To make things more confusing, experts have mixed feelings on fish oil supplements; some think they’re overrated, but others recommend them. The one thing they do agree on, though: It’s best to get your omega-3s straight from the source if you can.
“It’s always better to get your nutrients from food because food is loaded with so much more than just nutrients—there are all sorts of biochemicals, macronutrients, and micronutrients,” says Kathleen Zelman, R.D., WebMD’s director of nutrition. “The best way to satisfy your omega-3 fatty acids is to eat fatty fish.”
If you’re vegan (or you just don’t like fish), you can opt for other foods that are rich in omega-3s, like walnuts, canola oil, and flaxseeds. Not into any of the above? Then fish oil supplements are a solid plan B. They’re not going to hurt you; they’re just not necessary if you’re getting your omega-3s elsewhere.

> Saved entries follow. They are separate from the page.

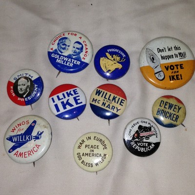 Vintage Presidential Buttons Smith, Eisenhower, Goldwater, Wilkie, Dewey, Wilson
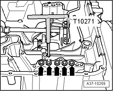 - Attach ATF supply with corresponding bores onto guide pins (T10288/4).
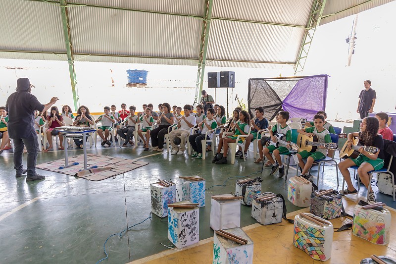 Alunos e professores formaram a ciranda do rock. Também houve uma apresentação de skate na quadra. No espaço, havia ainda tambores com materiais recicláveis produzidos pelos estudantes, com detalhes em tinta. Violões, antes em estado precário, foram pintados de branco e receberam pintura das mãos das crianças e adolescentes.

Now, About Those Fishy Side Effects…
If you decide to take them or your doctor recommends them to you, you’ll quickly realize you’re going to have to deal with fishy burps—or worse. “Somebody who has a really high dose will have an odor to them,” says Goodrich. She adds that many brands advertise “burp-less” formulas, but they generally don’t live up to those promises.
Your best bet is to stick with supplements that have a USP seal of approval on the bottle, says Zelman. And then experiment a little to see what works best for you. “Some people find that if they pop them in the freezer or if they take them at night or with food, they tolerate them better,” says Zelman.
The bottom line: Fish trumps fish oil supplements. But if you don’t eat enough of the stuff, supplements are an easy way to nab omega-3 benefits. “If you can’t get them from your diet, then supplements are the next best thing,” says Zelman.